A ) Representative images and summarized immunoblotting data showing increased CaMKII-P along with enhanced activation of JNK (JNK-P) in aged WT mouse atria. Dramatically reduced cardiac CaMKII activation in aged JNK2KO mice compared to that of WT aged mice. B) Summarized data showing JNK2 inhibition (in vivo treatment) reversed the CaMKII activation to the baseline of young hearts compared to markedly increased CaMKII-P in untreated aged mice. C) Representative electrograms of burst-pacing followed by self-reversion to sinus rhythm (no arrhythmia induced) in anisomycin-treated (Aniso) AC3-I mice and AC3-I-sham control mice (n=0/6, 0/6). This suggests that CaMKII inhibition in AC3-I mice prevents Aniso-induced atrial arrhythmias. D) Summarized data suggest that CaMKII inhibition in AC3-I mice completely abolished Aniso-induced aberrant atrial Ca²⁺ waves and prolonged τ of Ca²⁺ decay. E) Immunoblotting images of attenuated activated CaMKII in AC3-I mice, while Aniso-induced JNK activation remains increased. F) Summarized data of diastolic SR Ca²⁺ leak in KN93+Aniso (KN93+A) treated as well as KN92+Aniso (KN92+A) treated HL-1 myocytes compared to sham controls (sham).

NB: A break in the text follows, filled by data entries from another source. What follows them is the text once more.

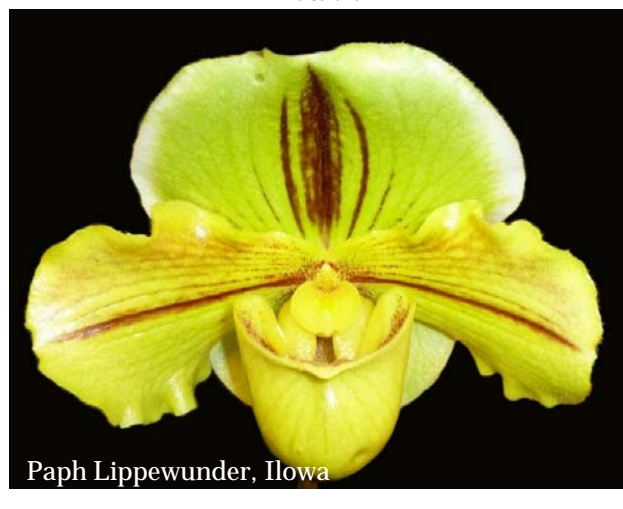
Orchid Growers' Guild, March 2013, page 9 of 10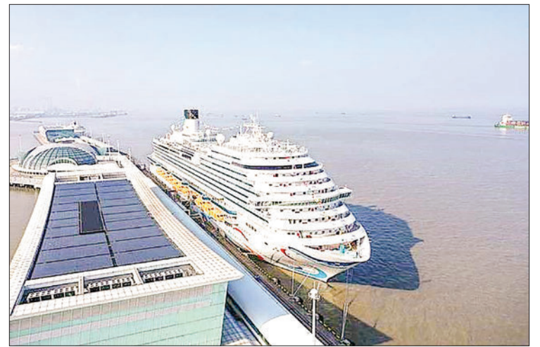
This aerial photo taken on 1 January 2024 shows the large cruise ship Adora Magic City at the Shanghai Wusongkou International Cruise Terminal in east China's Shanghai.

In 2023, Chinese shipbuilding companies accelerated digital transformation and stepped up its input in technological in-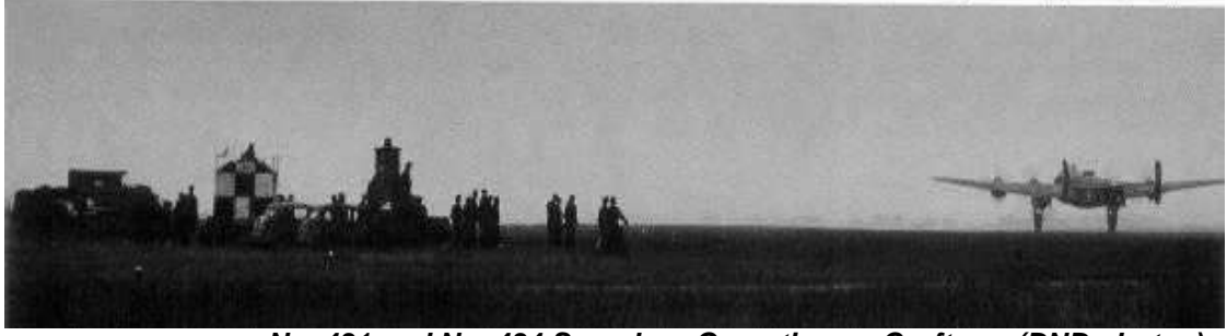
No. 431 and No. 434 Squadron Operations – Croft.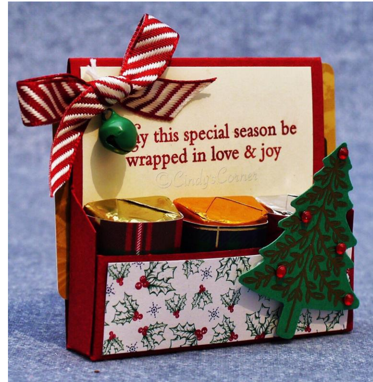
Inspired by Gloria Plunkett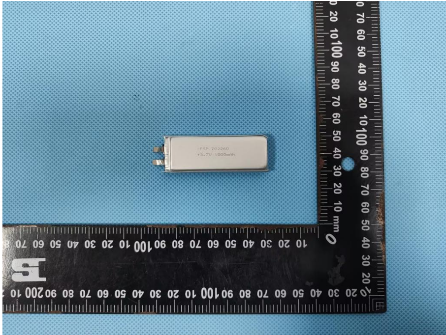
Photo 3 电池正面 Front view of Cell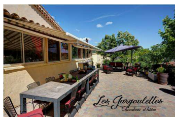
Days 1, 2 and 6:

Inn to Inn trips cannot guarantee the same level of comfort every night: one of the pleasures of a horseback riding trip is the variety ! We chose the accommodations for their location on the itinerary and for the quality of their welcome. With varying degrees of comfort, you will always have a memory: a good meal, a particularly pleasant atmosphere, or an exceptional setting. The price is not justified by luxury accommodation, but by the high logistical costs on an online horse riding trip.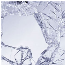
Broken Windows, Mirrors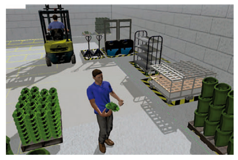
Figure 2. View of the analyzed site of the 3D digital twin

For the implementation of digital modelling, the authors used the model of the so-called digital twin in the fourth step of the method (K4), which in a fragment is shown in Figure 2.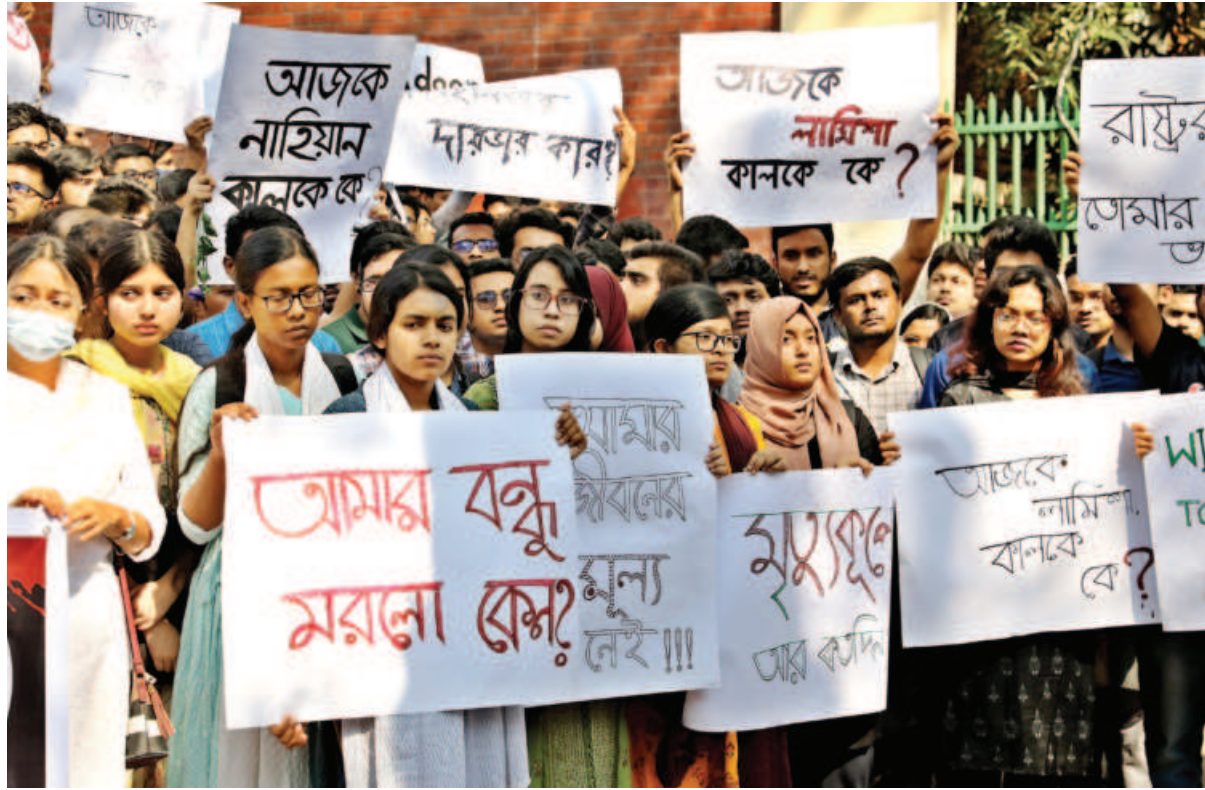
Students of BuEt demonstrate on campus as two of their classmates died in Thursday night's devastating fire at a building on Bailey Road.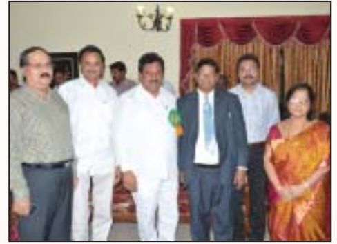
Shri Chinna Rajappa, Hon'ble Deputy Chief Minister, Govt of Andhra Pradesh with D(C) and D(P)

We also explored the JNK/CaMKII interaction in AC3-I mice, which have cardiac-specific expression of a CaMKII peptide inhibitor.²¹ In young AC3-I atria, anisomycin-treatment did not enhance AF susceptibility or abnormal Ca²⁺ waves in AC3-I atria (Figs. 6C-6D). These AC3-I atria had substantially activated JNK but little (if any) CaMKII activation (Fig. 6E). Together, these results imply CaMKII activation may be required for JNK-driven arrhythmogenic activities. To test this, we pretreated HL-1 myocytes with the CaMKII inhibitor KN93 or its inactive congener (KN92). The CaMKII inhibition (KN93) eliminated the expected increase in anisomycin-evoked diastolic Ca²⁺ leak and Ca²⁺ transient decay time constant (Fig. 6F and Online_Fig. VIIIa). In contrast, the KN92 pre-treatment (leaving CaMKII function intact) did neither. In HL-1 myocytes, JNK2 inhibition, using either a dominant negative approach or the JNK2 inhibitor JNKK2I-IX, substantially reduced anisomycin-driven CaMKII activation in HL-1 myocytes (Figs. 7A-7C). Moreover, co-infection of HL-1 myocytes with AdJNK2 and constitutively activated AdMKK7D to increase JNK2 activation levels, resulted in significantly increased CaMKII-P (Online_Fig. VIIIb). In contrast, co-infected AdJNK1 and AdMKK7D did not alter CaMKII-P levels. Evidence of successful adenoviral infection is shown in Online_Fig. Ve. The JNK2 isoform-specificaction on CaMKII activation was also confirmed in isolated young rabbit atrial myocytes (Online_Fig. VIIIc).

Figure 7. JNK2 activates CaMKII via direct phosphorylation of CaMKII proteins.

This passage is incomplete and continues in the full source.